Why you need it from 0V~...?
If you just using voltage divider, does the current enough?
Or maybe you can using LM317 and in series with 3 rectifier diodes on the output pin.
 

Thread Starter

johnnyhandsome

Joined Jan 19, 2016
8
What's the purpose for that 0~10V power supply?
Why you need it from 0V~...?
If you just using voltage divider, does the current enough?
Or maybe you can using LM317 and in series with 3 rectifier diodes on the output pin.
Purpose is to send the voltage signal into compact-rio convert to digital signal and run an Engine. The given task was to make the voltage signal linear. Current are not gonna be much of a problem i was told.
0v is to go from no throttle to 10v(full throttle)
 

MaxHeadRoom

Joined Jul 18, 2013
28,617
I get (I think) you have a 0-10v analogue input to the RIO but what do you want to control WITH?
Manual? a Mechanism? a MCU?
Max.
 

Thread Starter

johnnyhandsome

Joined Jan 19, 2016
8
I Have a 12V Battery. I want to be able to send a voltage signal varying linearly between 0-10v by turning potentiometer. 50%turn on the pot gives me 5v. 75%turn on the pot gives me 7,5V. Thats about it :)

Actually it could vary between 0-12v as well. the issue is to make linear.
 

MaxHeadRoom

Joined Jul 18, 2013
28,617
So you need a stepper motor on the Pot shaft this will give you 1.8° resolution gearing will make it finer.
A PMW open loop DC motor may not be precise enough.
Max.
 

Thread Starter

johnnyhandsome

Joined Jan 19, 2016
8
So you need a stepper motor on the Pot shaft this will give you 1.8° resolution gearing will make it finer.
A PMW open loop DC motor may not be precise enough.
Max.
My plan was to adjust the pot by hand. Don't think you really get me. the potentiometer is linear so it doesn't matter how fine or fast i turn it. The problem is to get an output voltage looking like y=kx+0-400x355.png not image001.gif


Should i use a LT3080 with a pot on the adjust leg? will it be linear? maybe some condensers to make it more smooth?
 

ScottWang

Joined Aug 23, 2012
7,397
If you want to use the voltage as A to D and current is not important then using a rail to rail op amp as a voltage follower, and using a 2K resistor in series with a 10K pot connecting to +12V and gnd , and pin 2 of 10K pot connecting to the input of voltage follower.

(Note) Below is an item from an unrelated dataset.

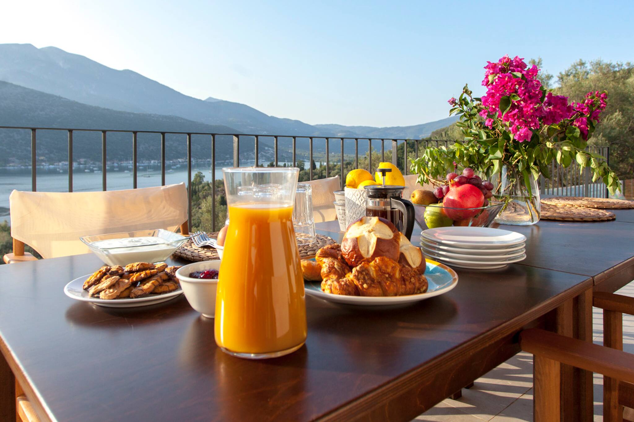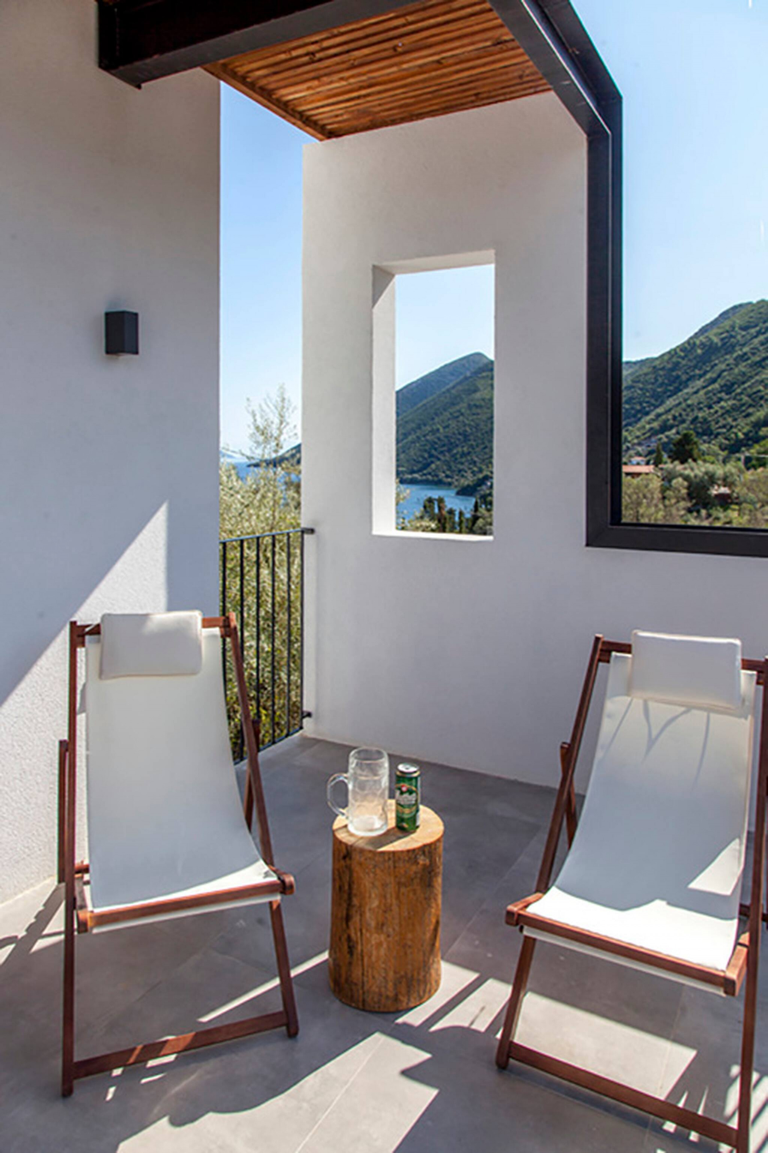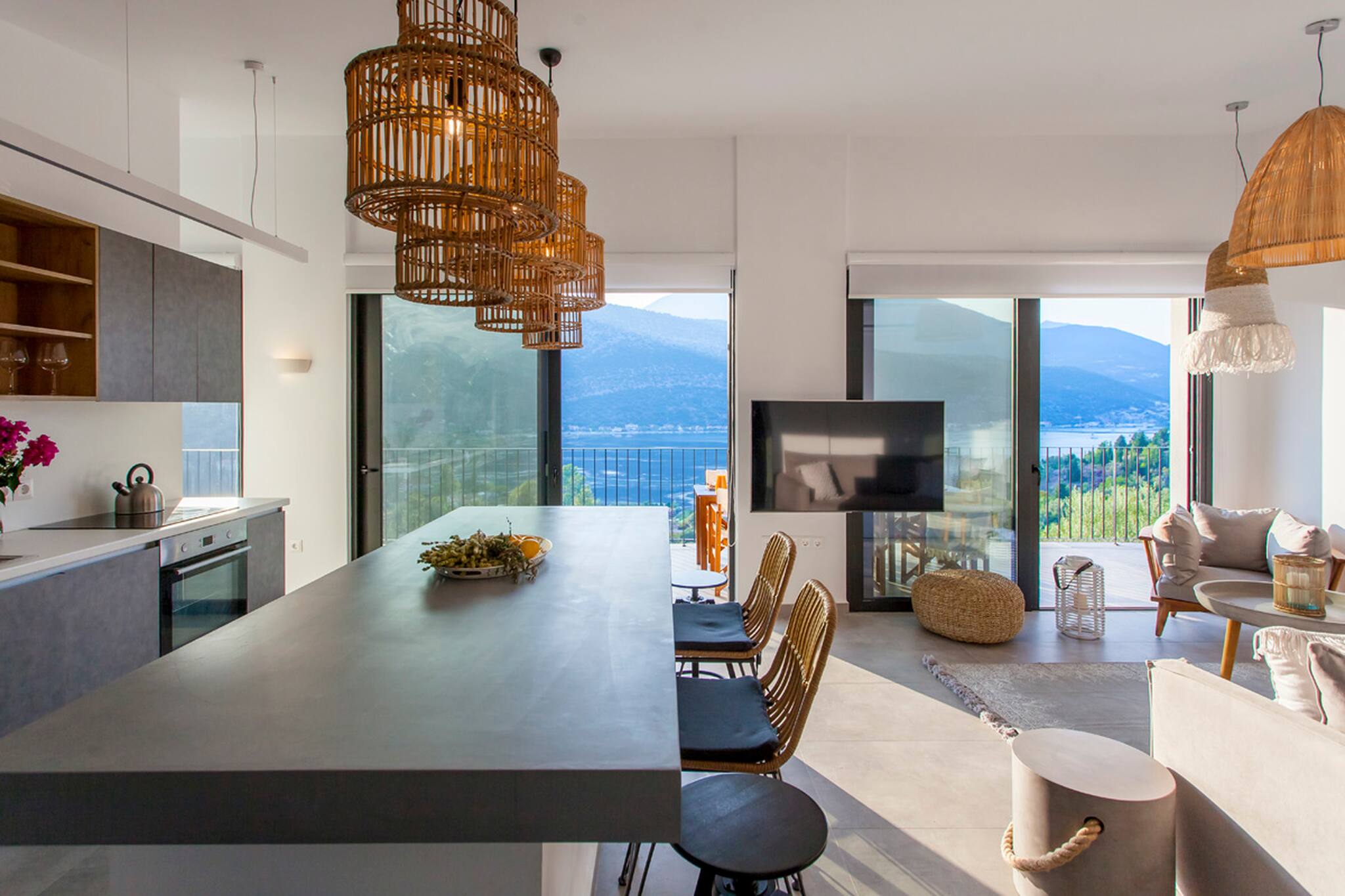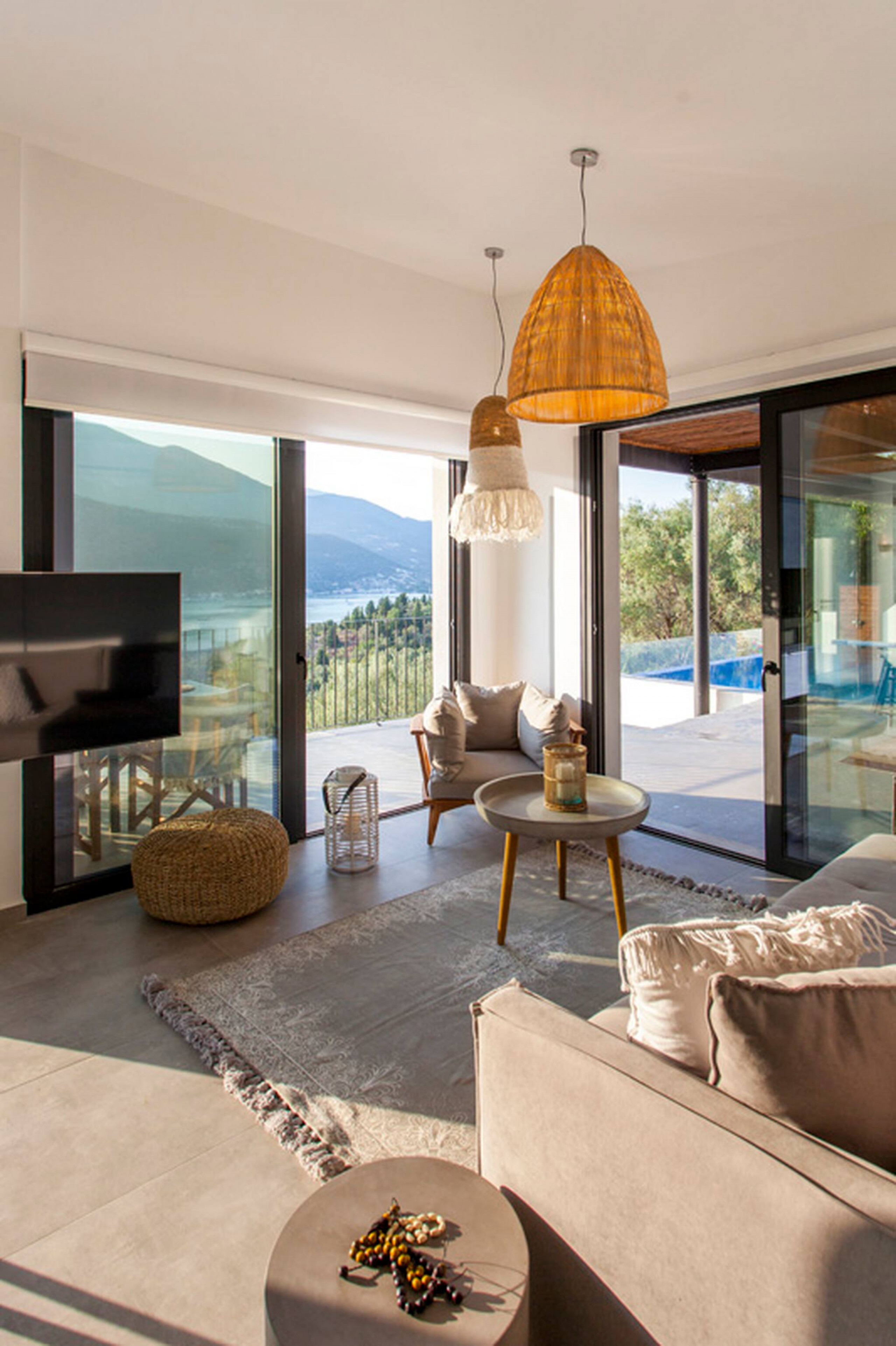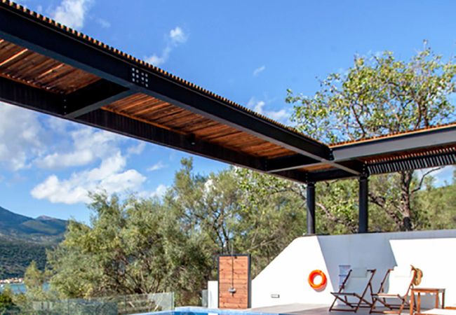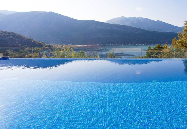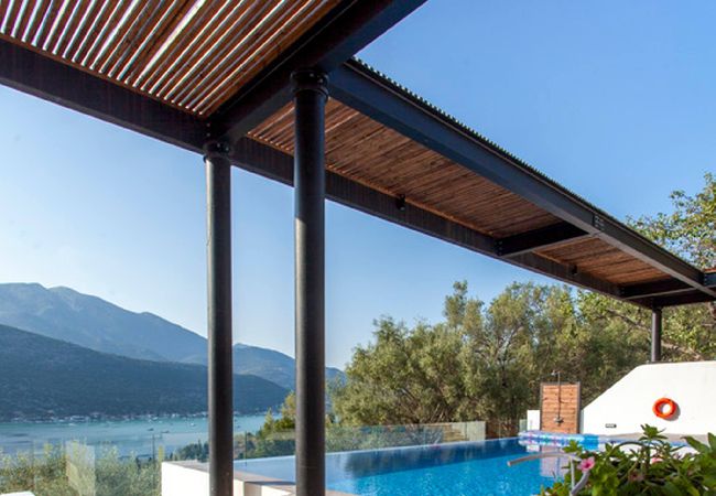 Villa Theia in Lefkada, is perched on the mountain side overlooking the bay of Vlicho and walking distance to the beach of Desimi.

(+12V) → 2K → 10K pot → gnd
Pin 2 of pot → input of voltage follower.
 

GopherT

Joined Nov 23, 2012
8,009
My plan was to adjust the pot by hand. Don't think you really get me. the potentiometer is linear so it doesn't matter how fine or fast i turn it. The problem is to get an output voltage looking like y=kx+0-400x355.png not image001.gif


Should i use a LT3080 with a pot on the adjust leg? will it be linear? maybe some condensers to make it more smooth?
I think you are confusing a potentiometer and a potentiometer wired as a rheostat (variable resistor).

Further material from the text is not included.